Wollongong band The Contagious have never performed a live gig and their songs are written by a moonlighting financial planner, not a rock star.
Yet, as the city's live music scene grapples with venue closures, noise complaints and licensing red tape, The Contagious are making waves.
The Contagious are a studio project fronted by a belting blonde singer from Wollongong High School of the Performing Arts, Annalivia.
Their engine room, though, is financial planner David King of Dapto, a long-time songwriter, co-producer and social media obsessive.
Since releasing the band's first music video earlier this month, King has worked full-time to fan interest online.
He spends more than 12 hours a day engaging with fans across social media, most noticeably on Twitter, where he will easily fire off 150 tweets a day.
King's efforts have helped win the group almost 600,000 Twitter followers and this week put The Contagious on the top 20 global chart for music of all genres on Reverb Nation.
After two weeks, the clip for the hook-laden, 1990s-style rock ballad Waiting for the Rain has been played more than 56,000 times on YouTube, and 350 copies of The Contagious's four-track EP have sold.
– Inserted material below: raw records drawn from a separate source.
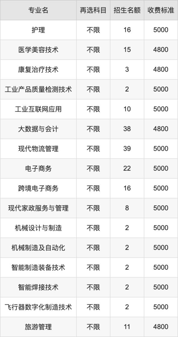 | 高職專科批 | 物理 | 旅游管理 | 40 |
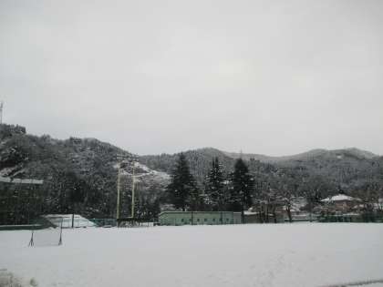 グラウンドは、一面真っ白です。
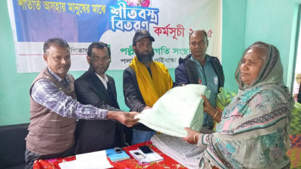 খবরবাড়ি ডেস্কঃ গাইবান্ধার পলাশবাড়ীতে ফেডারেশন অব এনজিওস ইন-বাংলাদেশ এবং পল্লী অগ্রগতি সংস্থার যৌথ উদ্যোগে দুঃস্থ-অসহায় শীতার্ত মানুষের মাঝে শীতবস্ত্র (কম্বল) বিতরণ করা হয়। সোমবার (১৩ জানুয়ারি) বিকেলে পল্লী অগ্রগতি
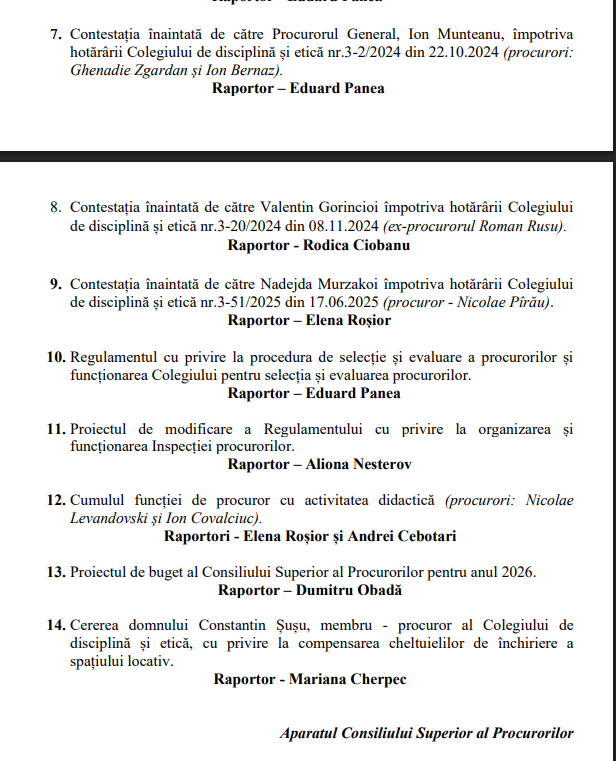 Plenul Consiliului Superior al Procurorilor (CSP) se întrunește astăzi în ședință. Pe ordinea de zi figurează 14 subiecte.
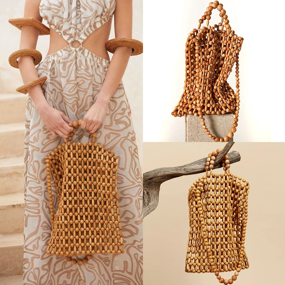 ファッションとレトロなスタイル、目立つで観衆で木製ビーズバッグ
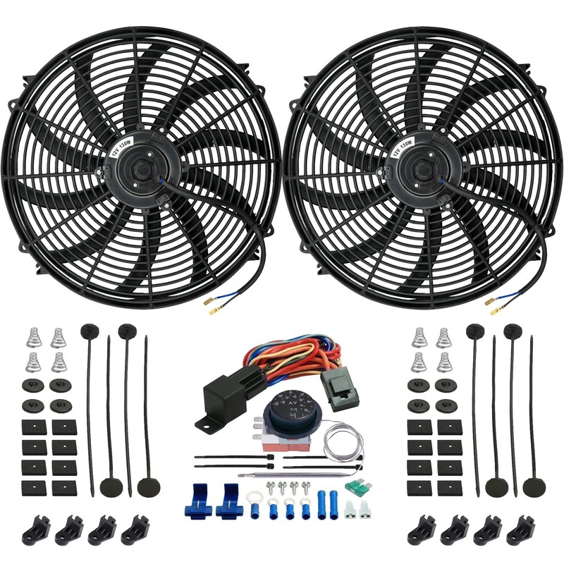 American Volt Dual 16-17 Inch 130w High CFM Motor Electric Radiator Cooling Fan Adjustable Thermostat Switch Controller Wiring Kit

"It's just been about getting on Twitter and talking to people; over and over just telling people about what we do," said King, who co-produced the project with Main Street Studio owner Adam Jordan.
"If people like what you've got and they feel that they're being engaged by either the band or the band site, it becomes an experience for them.
"Ultimately I'd like to see it turn into an international act."
MTV's Australian vice-president, Colin Blake, believes that live gigs have become "almost a reward" for bands that have already built a following online.
It is a change Mr Blake links to the shifting balance of power away from record labels and towards self-motivated bands, a shift he has traced over the past decade and especially in the past three or four years.
He believes the new order favours bands with the self-belief and energy to build a following online, unaided by a label.
"The old model meant slogging it out, gigging all over the place, trying to get noticed by a label. Now that need for discovery isn't essential for success," Mr Blake said.
At a seminar in Wollongong last month, Mr Blake encouraged up-and-coming musicians to produce online content, and upload it often.
He pointed to Australia's Short Stack - who made rough-cut viral videos from their lounge room - as among examples of the importance of constantly offering new content, even if the sound quality wasn't perfect or the production values were flawed.
"Short Stack got bigger and bigger and bigger because they just kept feeding it," he said.
"They built equity in themselves. They got themselves in the position where ... record companies have to stand up and take notice because if they don't they're squandering an opportunity."
Mr Blake said MTV's Australian workforce scarcely went to gigs any more, but "really, really actively" scouted YouTube and other music sites, looking for the next big thing.